(Information supplied)

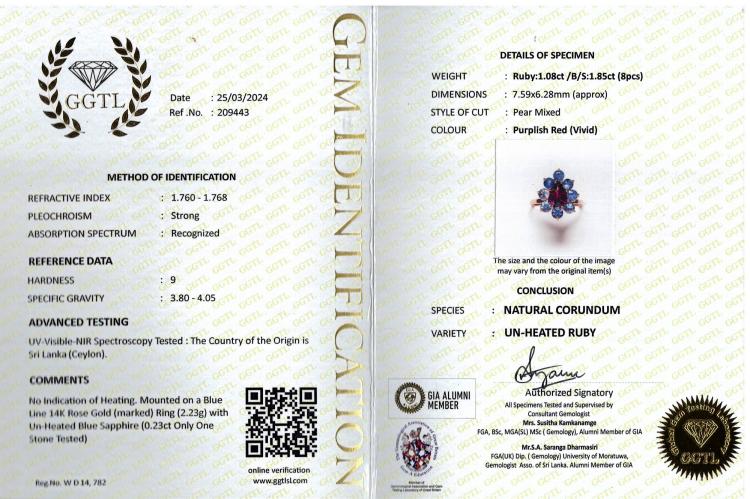 Ruby and Sapphire ring with a pear shape natural unheated Ceylon Ruby of 1.08ct and round unheated blue natural Sapphires totalling 1.85ct (Note, only one Sapphire of 0.23ct tested). 14ct rose gold. Ring size J. Band width: 1.4mm. Weight: 2.2g. With GGTL Report #209443. (As new)
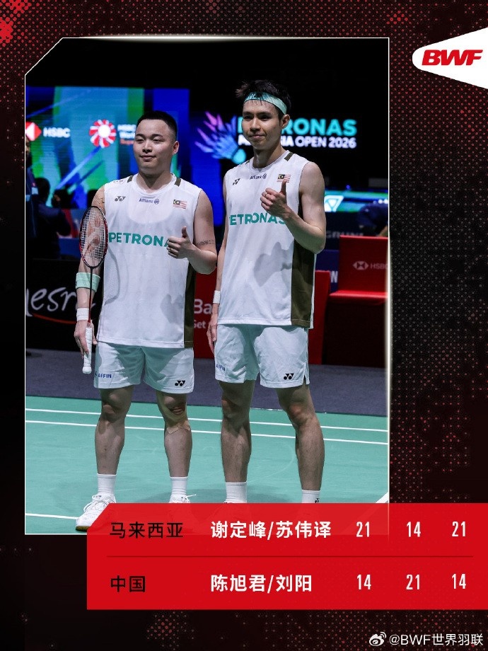 >马来西亚羽毛球公开赛次轮:陈旭君/刘阳无缘男双八强
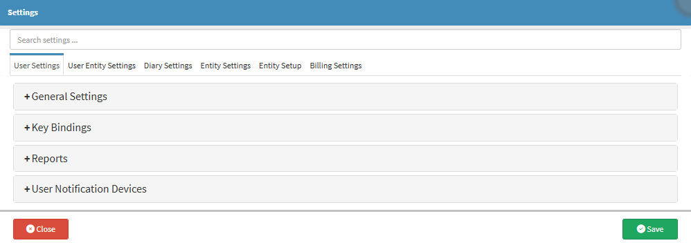 - Click on Close to close the settings, no changes that have been made will be saved.
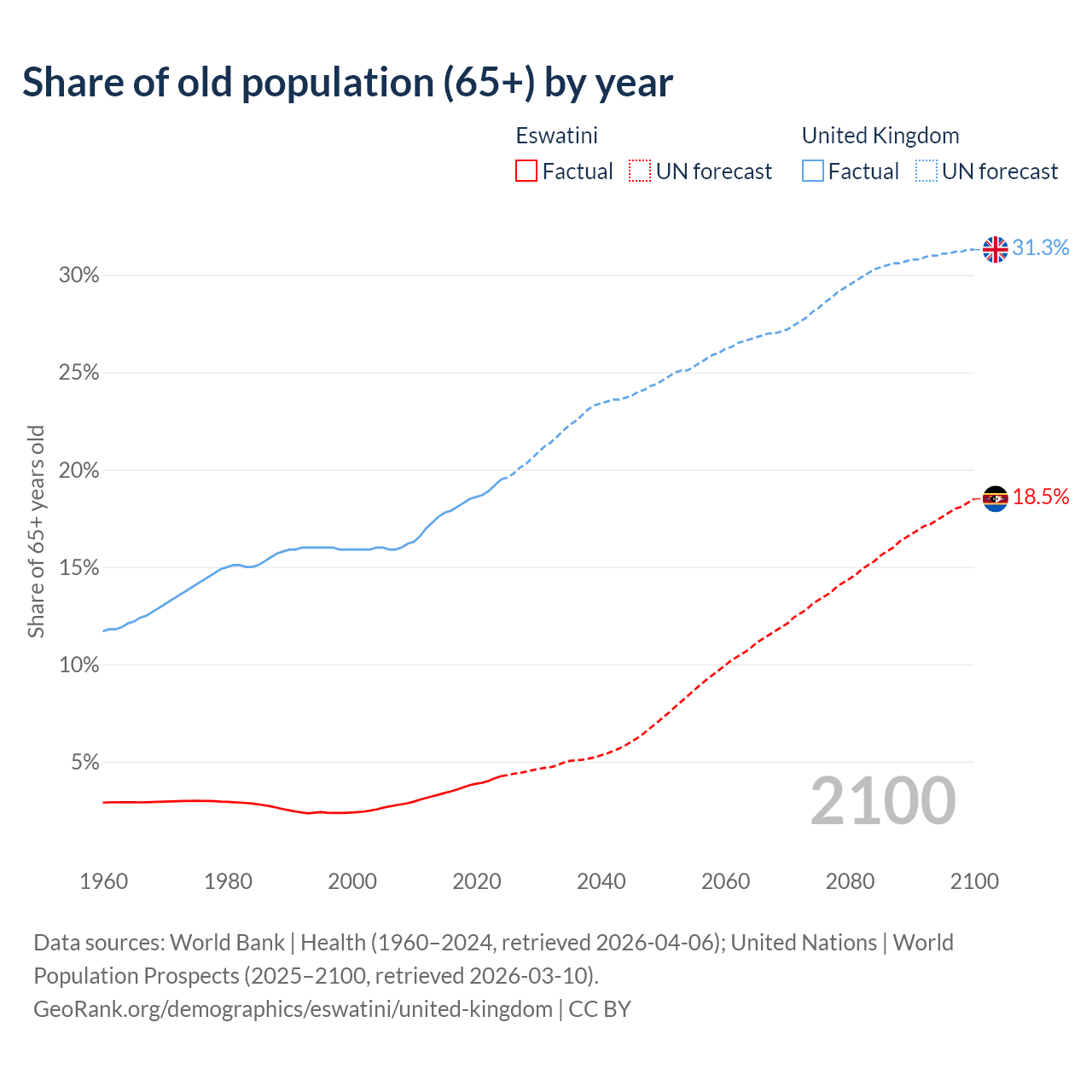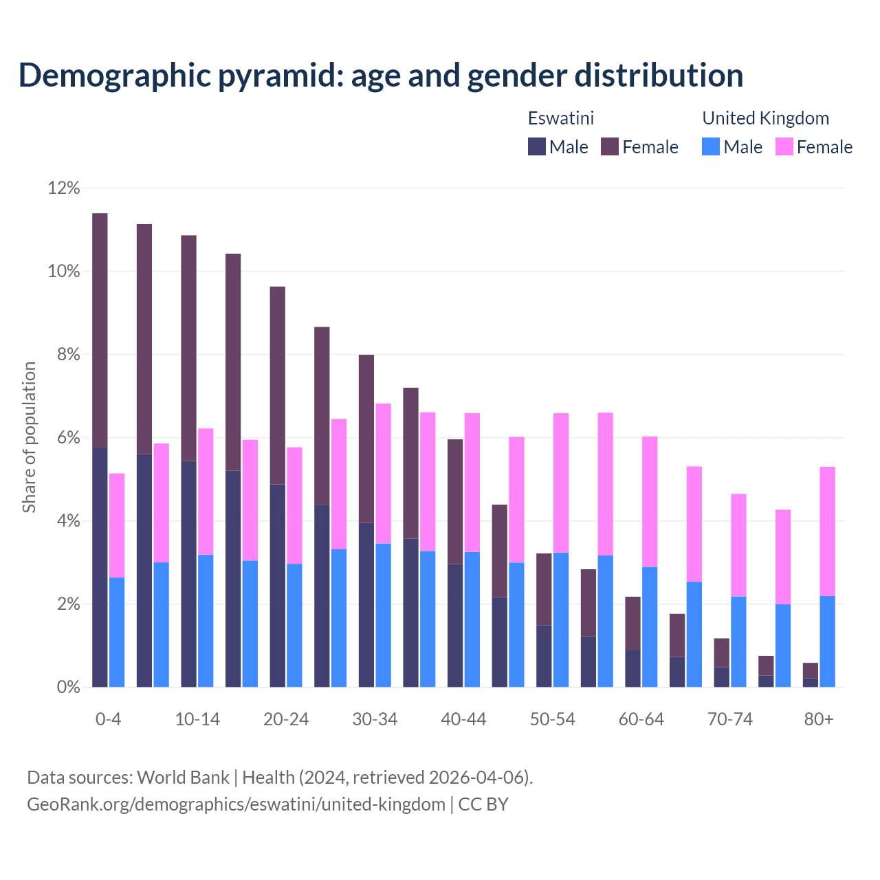 - The share of old-age demographic (65+) in Eswatini is 4.26% vs 19.5% in the United Kingdom.

(End Information supplied)

• _Task item_:
Leave out the pictures and return the listing exactly.

• _Response to this task_:
 Ruby and Sapphire ring with a pear shape natural unheated Ceylon Ruby of 1.08ct and round unheated blue natural Sapphires totalling 1.85ct (Note, only one Sapphire of 0.23ct tested). 14ct rose gold. Ring size J. Band width: 1.4mm. Weight: 2.2g. With GGTL Report #209443. (As new)
 >马来西亚羽毛球公开赛次轮:陈旭君/刘阳无缘男双八强
 - Click on Close to close the settings, no changes that have been made will be saved.
 - The share of old-age demographic (65+) in Eswatini is 4.26% vs 19.5% in the United Kingdom.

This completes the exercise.